Yeah, I'm surprised at how much closer that second dump of results from Delaware Co was. Maybe I shouldn't write this race off just yet...
posted by duffell at 6:40 PM on August 7, 2018


A third dump of vote out of Delaware and O'Connor hanging on!! I'm so excited. About a basically meaningless special which gets redone in 3 months.
posted by Justinian at 6:41 PM on August 7, 2018 [3 favorites]


@Nate_Cohn: So close, but here's the simplest way to explain it right now. Delaware is 50% in, Rs are +2500 on eday there. D+1400 overall, so if Rs doubles up in Delaware they'd just slightly pull ahead. Obviously, Ds could do better in Del. Or kill it in Franklin. Still soooo close

O'Connor needs to run the table with those last votes in Franklin County. This is getting dangerously close to being an endless process of counting provisional and military ballots.

On the bright side:
@Redistrict: Franklin Co. is already at 57% of its raw 2016 turnout & there are still 13 precincts left to count there. By comparison, the most R county (Morrow) is at just 46% of its 2016 turnout & it's entirely reported. #OH12
@danpfeiffer: This is most important takeaway from OH-12 no matter who wins and it’s the one that should scare Republicans
posted by zachlipton at 6:45 PM on August 7, 2018 [7 favorites]


are these same two guys going to be on the ticket in November?
posted by skewed at 6:47 PM on August 7, 2018


Yeah, I'm surprised at how much closer that second dump of results from Delaware Co was.

It's a very heterogeneous county, there's a lot of variance in R intensity.
posted by Chrysostom at 6:48 PM on August 7, 2018 [1 favorite]


In Missouri Senate, McCaskill wins Dem nod in a shoo-in, Hawley wins GOP nod slightly closer.
posted by Chrysostom at 6:50 PM on August 7, 2018 [1 favorite]


It seems likely that the race will come down to a margin within the number of votes cast for the Green Party. If O’Connor loses, I expect to hear a lot about the “spoiler” vote. It’s another good example of why Ranked Chice Voting is gaining traction in the US and throughout the world.
posted by darkstar at 6:51 PM on August 7, 2018 [7 favorites]

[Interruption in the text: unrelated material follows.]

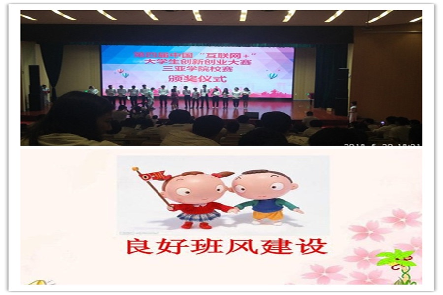 定期开展朋辈教育,让同学们了解到学长们奋斗的经历,来激励自己。8月27日召开班会,鼓励同学们积极参加各种有意义的比赛活动,经过一系列紧张的参赛活动,可以增强同学们对专业知识的理解和认识,从实践中求真知,5月20日第四届中国“互联网+”大学生创新创业大赛三亚学院校赛落下帷幕。在颁奖仪式现场宣读的获奖名单中,丁学用老师指导下的《“区块链”伴我行》项目小组荣获本次大赛优秀奖,而国贸1501班吴洲同学正是这个项目小组中的一员。
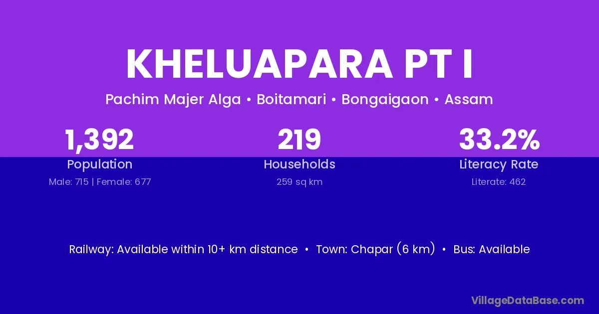 Chapar (6 km) is the nearest town to Kheluapara Pt I village for major economic activities and is located approximately 6 km away.

New Delaware County numbers in, and Balderson takes a 1,031 vote lead.

There's speculation there could be upwards of 9,000 provisional ballots out there, based on past years, and those may break Democratic, but we're not getting into a great situation for O'Connor now.
posted by zachlipton at 6:52 PM on August 7, 2018


Eh. I've long since written off Green Party voters. They're no likelier than die-hard Trump voters to up and decide to vote for the Democrat.
posted by duffell at 6:53 PM on August 7, 2018 [16 favorites]


It seems like Greens get about twice the proportion of votes (1.0 vs 0.5) in those rural, strongly R counties than the D urban one.
posted by Rumple at 7:02 PM on August 7, 2018 [1 favorite]


Numbers get updated dozens of times over the course of the count, and links to live vote counts have already been posted for those who want to follow along in realtime. Liveblogging every time the number of precincts reporting increases by 0.2% probably isn't great for signal-to-noise, or thread size.
posted by escape from the potato planet at 7:04 PM on August 7, 2018 [3 favorites]


I keep vacillating between being excited about this race and remembering that it's one district in central Ohio and it's going to re-fought in three months.
posted by octothorpe at 7:05 PM on August 7, 2018 [9 favorites]


Nate Silver:
Franklin County is now almost fully reported, and O’Connor had pulled into a 200-vote overall advantage. But almost all the outstanding vote is in Delaware County, and that has favored Balderson so far. We still aren’t sure of where the outstanding precincts are in Delaware. And provisional ballot could even come into play. Still, you’d rather be Balderson.
Why "could even"? Why wouldn't provisional ballot come into play?
posted by cybertaur1 at 7:06 PM on August 7, 2018


He means, "the margin could be narrow enough for the number of provisionals to possibly change the election result."
posted by Chrysostom at 7:07 PM on August 7, 2018 [5 favorites]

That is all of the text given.